* [What you will do]: Transcribe word for word the section of the records below that opens with the line containing "Desde el Parque" and closes with the line containing "면화 스웨터 카디건 코트"; drop every picture.

Listed records below:

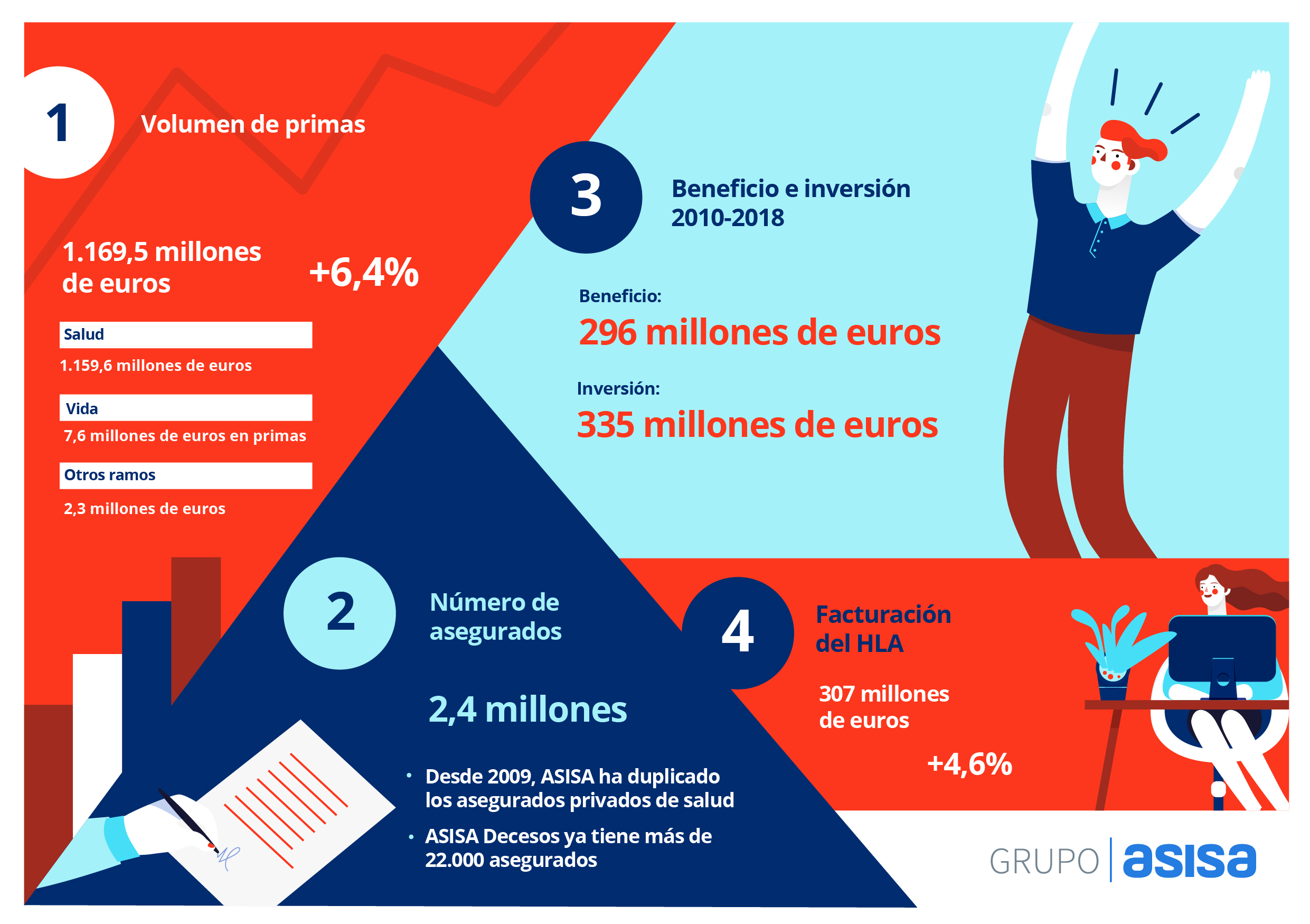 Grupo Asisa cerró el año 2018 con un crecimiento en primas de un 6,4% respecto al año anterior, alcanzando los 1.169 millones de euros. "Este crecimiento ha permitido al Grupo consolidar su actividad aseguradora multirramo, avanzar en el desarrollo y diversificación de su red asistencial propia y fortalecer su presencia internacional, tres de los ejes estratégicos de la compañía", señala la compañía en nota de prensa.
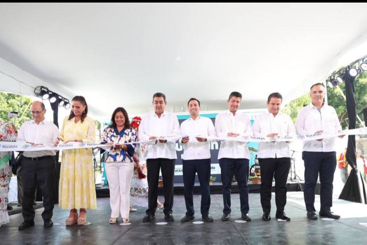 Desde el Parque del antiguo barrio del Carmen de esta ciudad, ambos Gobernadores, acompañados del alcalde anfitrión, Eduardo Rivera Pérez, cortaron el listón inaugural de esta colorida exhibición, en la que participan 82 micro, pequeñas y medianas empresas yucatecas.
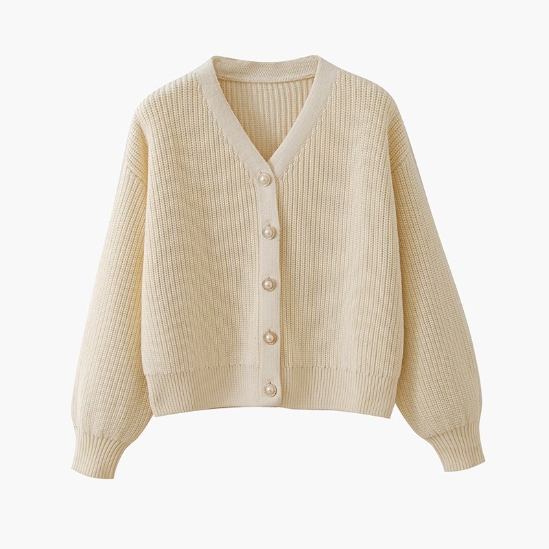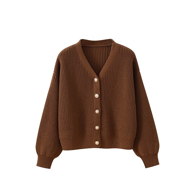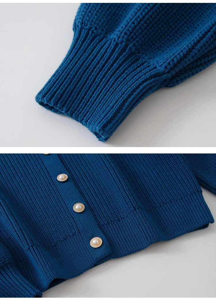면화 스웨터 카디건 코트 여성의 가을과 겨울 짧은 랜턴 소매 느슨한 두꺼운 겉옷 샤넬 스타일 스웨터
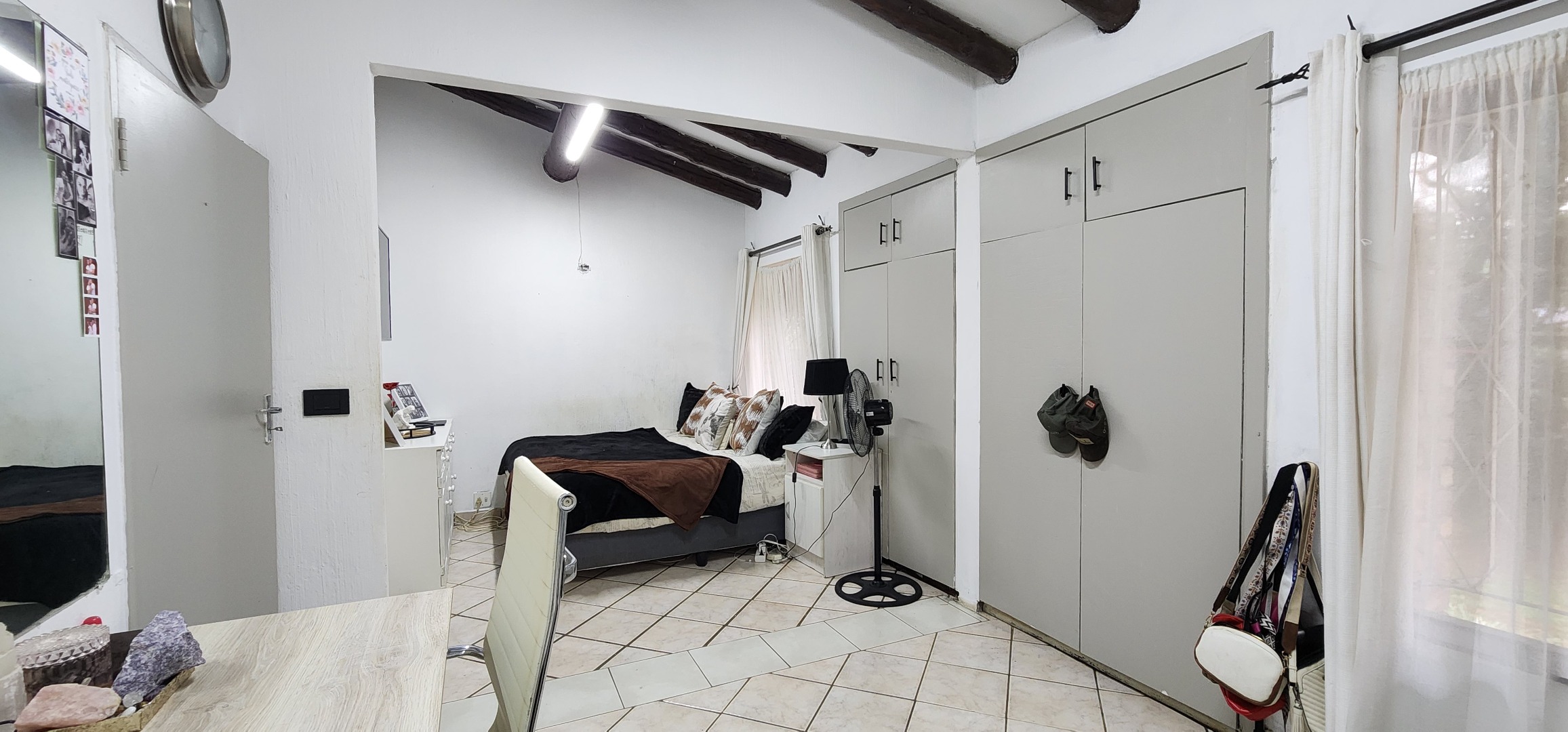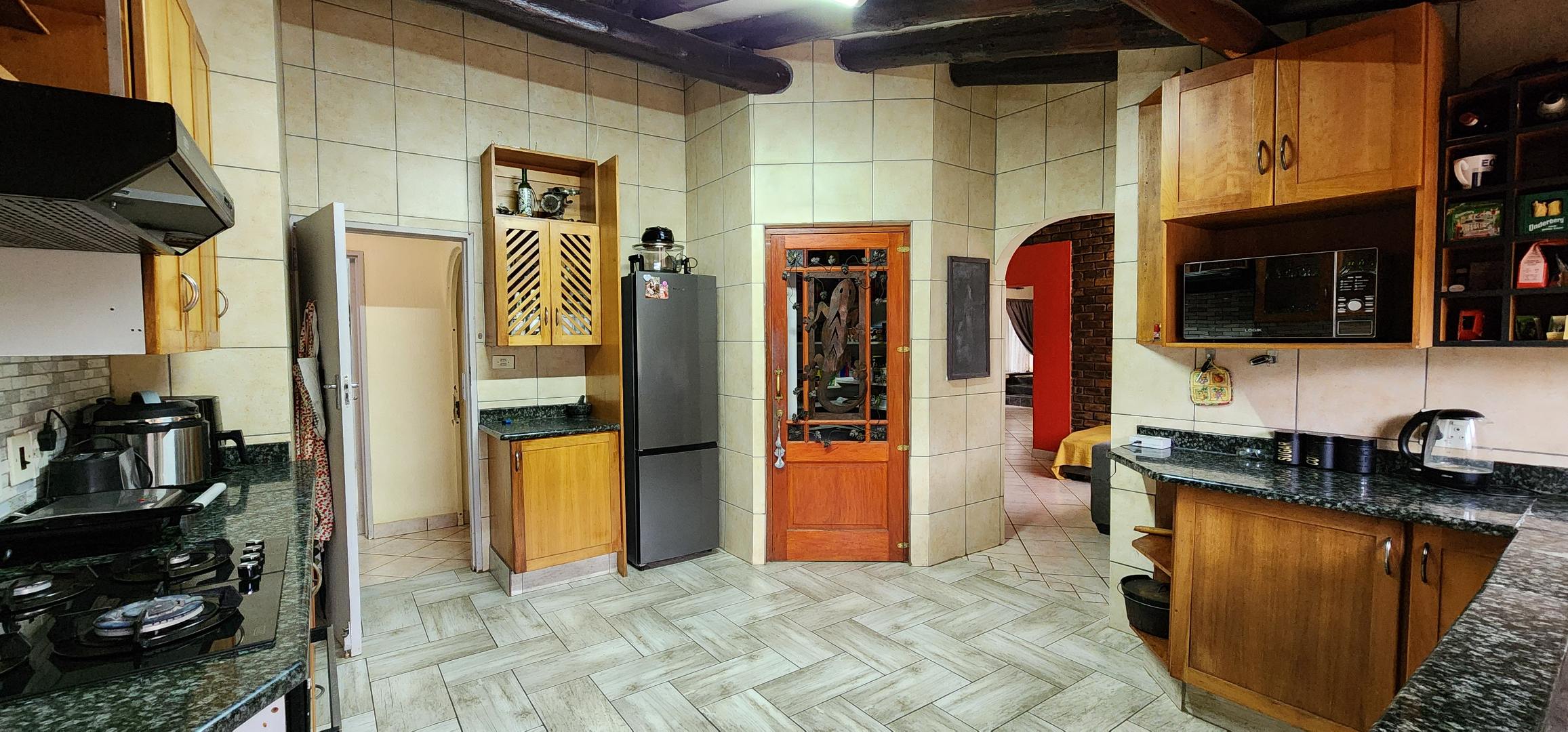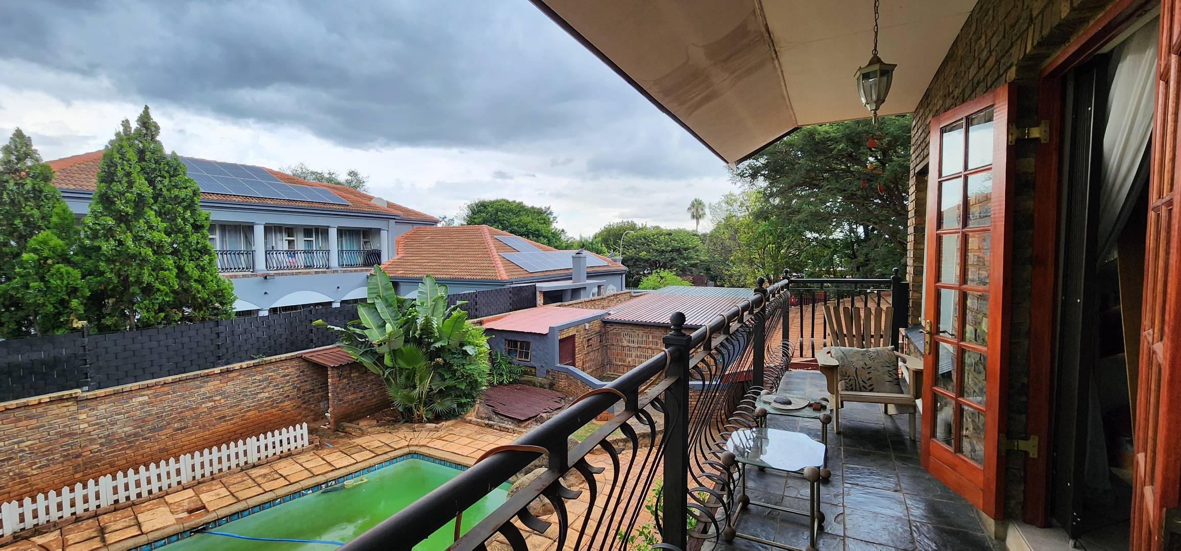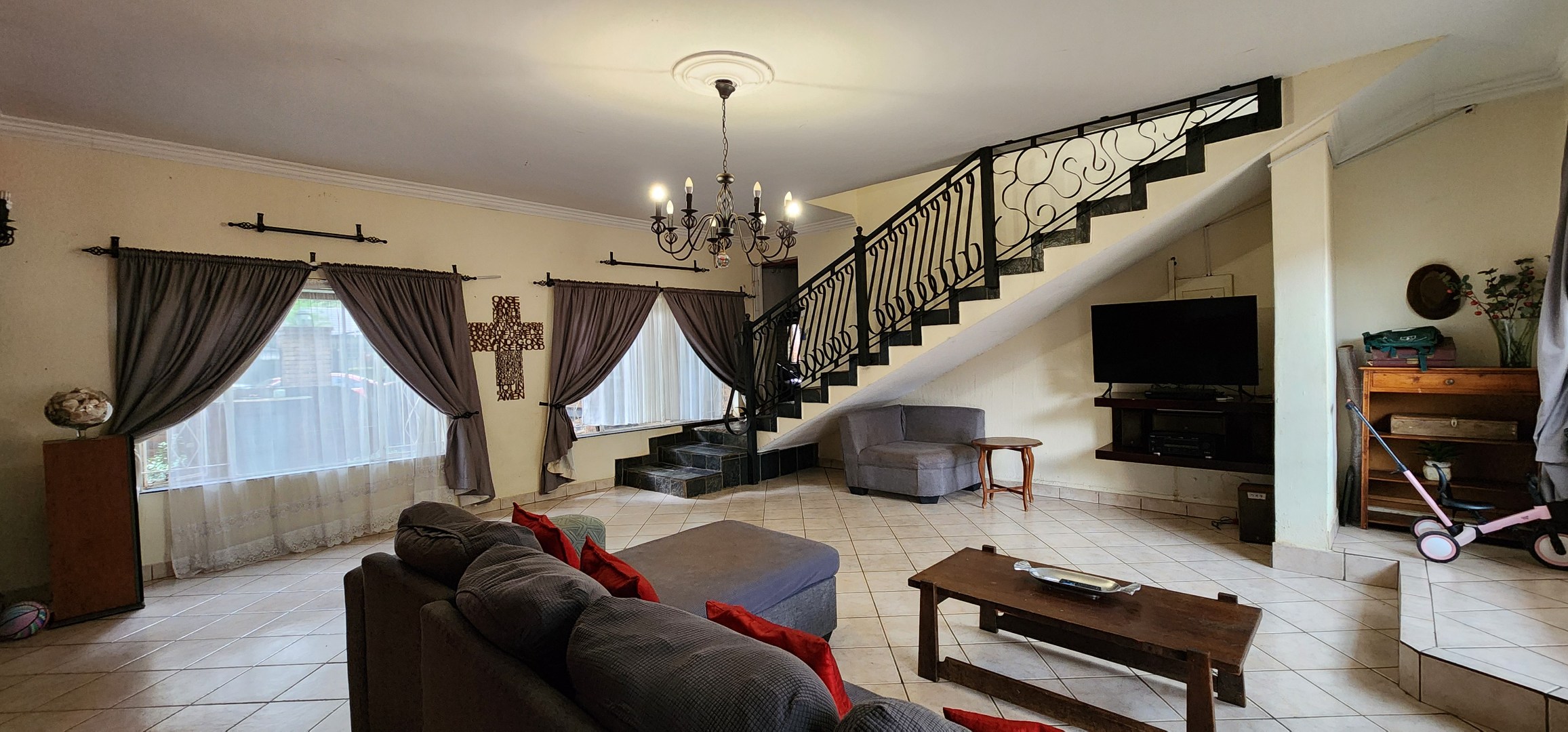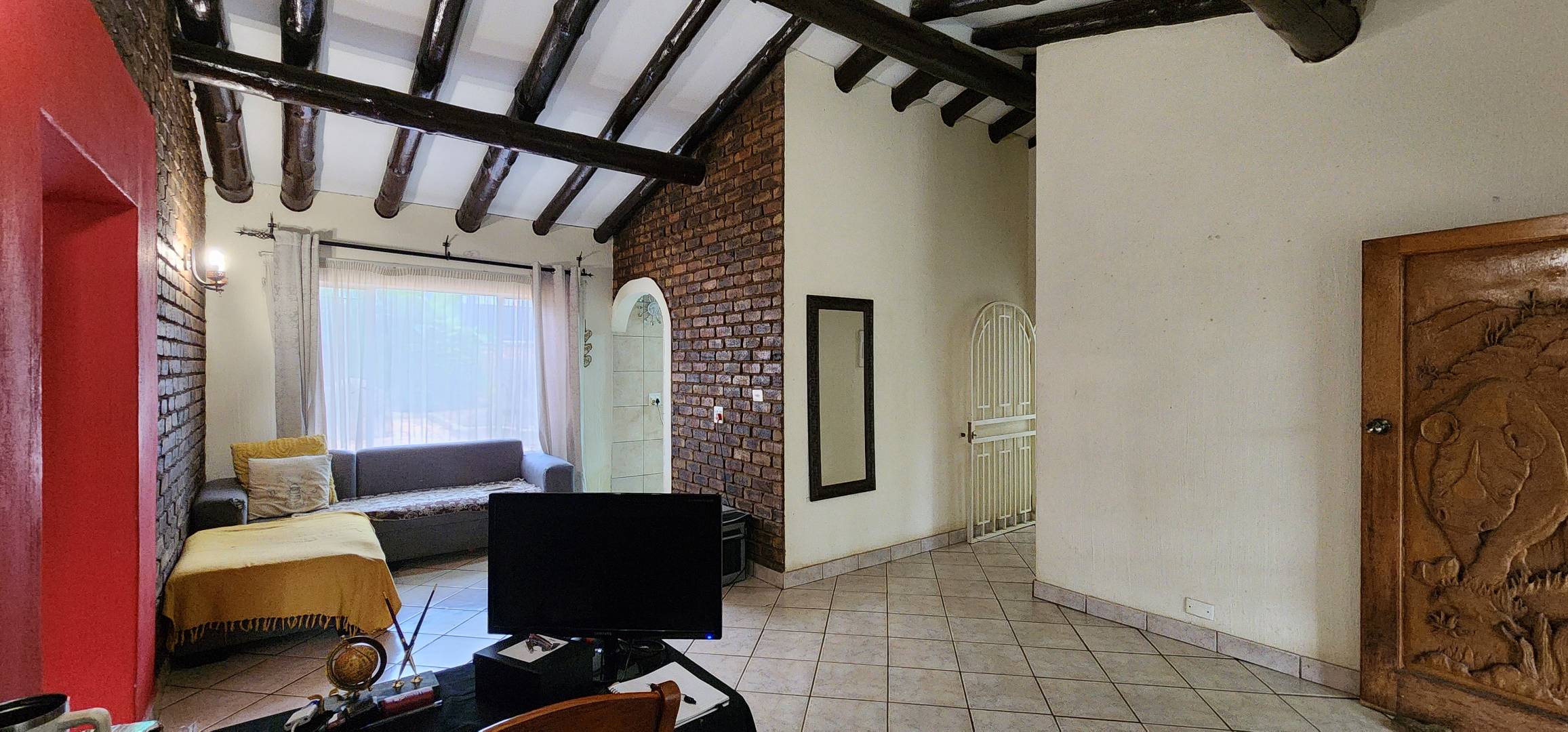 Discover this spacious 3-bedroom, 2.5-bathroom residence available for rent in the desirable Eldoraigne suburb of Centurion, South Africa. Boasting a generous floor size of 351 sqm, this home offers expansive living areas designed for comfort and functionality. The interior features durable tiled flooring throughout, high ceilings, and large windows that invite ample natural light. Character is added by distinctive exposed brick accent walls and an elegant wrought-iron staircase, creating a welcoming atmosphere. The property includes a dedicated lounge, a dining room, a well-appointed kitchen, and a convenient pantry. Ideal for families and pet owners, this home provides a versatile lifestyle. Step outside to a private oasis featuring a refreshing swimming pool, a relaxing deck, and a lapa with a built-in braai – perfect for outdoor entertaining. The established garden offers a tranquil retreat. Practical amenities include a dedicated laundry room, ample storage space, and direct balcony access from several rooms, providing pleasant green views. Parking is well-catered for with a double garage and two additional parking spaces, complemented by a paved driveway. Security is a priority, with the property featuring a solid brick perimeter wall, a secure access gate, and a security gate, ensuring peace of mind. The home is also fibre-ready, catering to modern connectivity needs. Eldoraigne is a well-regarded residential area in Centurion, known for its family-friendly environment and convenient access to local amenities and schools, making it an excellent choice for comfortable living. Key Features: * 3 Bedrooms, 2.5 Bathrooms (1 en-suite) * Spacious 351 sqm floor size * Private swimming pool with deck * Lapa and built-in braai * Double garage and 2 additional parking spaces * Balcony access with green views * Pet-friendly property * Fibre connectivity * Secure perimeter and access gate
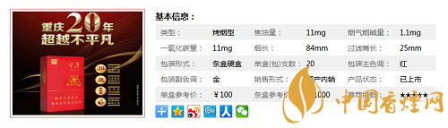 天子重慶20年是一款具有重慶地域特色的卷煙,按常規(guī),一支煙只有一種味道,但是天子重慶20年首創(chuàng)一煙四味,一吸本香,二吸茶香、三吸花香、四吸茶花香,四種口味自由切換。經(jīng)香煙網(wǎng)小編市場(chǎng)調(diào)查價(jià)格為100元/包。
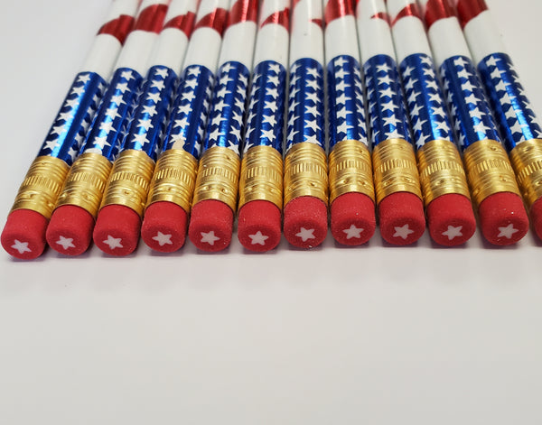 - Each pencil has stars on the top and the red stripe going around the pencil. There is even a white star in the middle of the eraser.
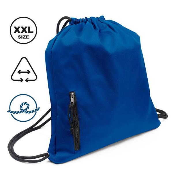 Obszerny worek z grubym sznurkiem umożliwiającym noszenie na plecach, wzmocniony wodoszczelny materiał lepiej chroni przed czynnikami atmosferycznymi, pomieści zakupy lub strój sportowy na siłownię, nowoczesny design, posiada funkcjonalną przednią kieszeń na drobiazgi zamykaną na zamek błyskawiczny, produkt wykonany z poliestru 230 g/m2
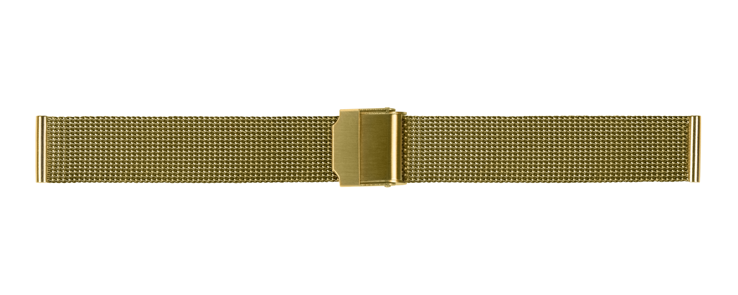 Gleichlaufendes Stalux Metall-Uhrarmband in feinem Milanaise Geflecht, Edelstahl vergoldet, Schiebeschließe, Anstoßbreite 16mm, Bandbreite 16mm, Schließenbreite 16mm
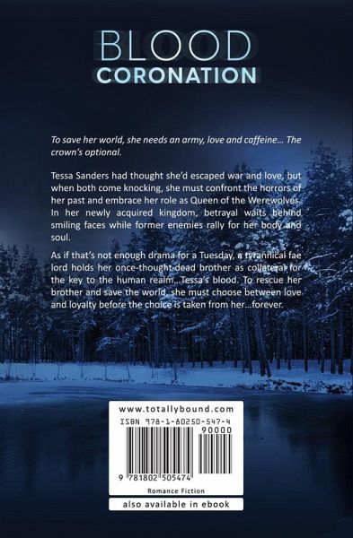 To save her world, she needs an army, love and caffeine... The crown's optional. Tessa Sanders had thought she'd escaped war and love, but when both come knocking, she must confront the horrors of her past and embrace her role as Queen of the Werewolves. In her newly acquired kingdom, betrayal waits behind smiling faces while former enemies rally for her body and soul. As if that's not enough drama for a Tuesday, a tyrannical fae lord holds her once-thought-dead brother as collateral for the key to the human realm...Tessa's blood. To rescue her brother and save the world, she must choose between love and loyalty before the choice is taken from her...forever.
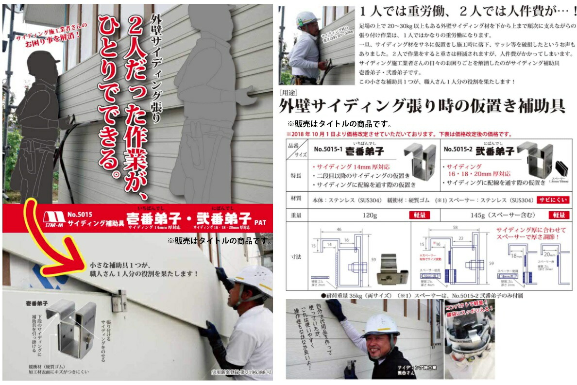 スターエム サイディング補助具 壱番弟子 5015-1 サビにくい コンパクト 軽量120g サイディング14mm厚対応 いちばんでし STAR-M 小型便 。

End of Listed records.

* [The answer]:
 Desde el Parque del antiguo barrio del Carmen de esta ciudad, ambos Gobernadores, acompañados del alcalde anfitrión, Eduardo Rivera Pérez, cortaron el listón inaugural de esta colorida exhibición, en la que participan 82 micro, pequeñas y medianas empresas yucatecas.
면화 스웨터 카디건 코트 여성의 가을과 겨울 짧은 랜턴 소매 느슨한 두꺼운 겉옷 샤넬 스타일 스웨터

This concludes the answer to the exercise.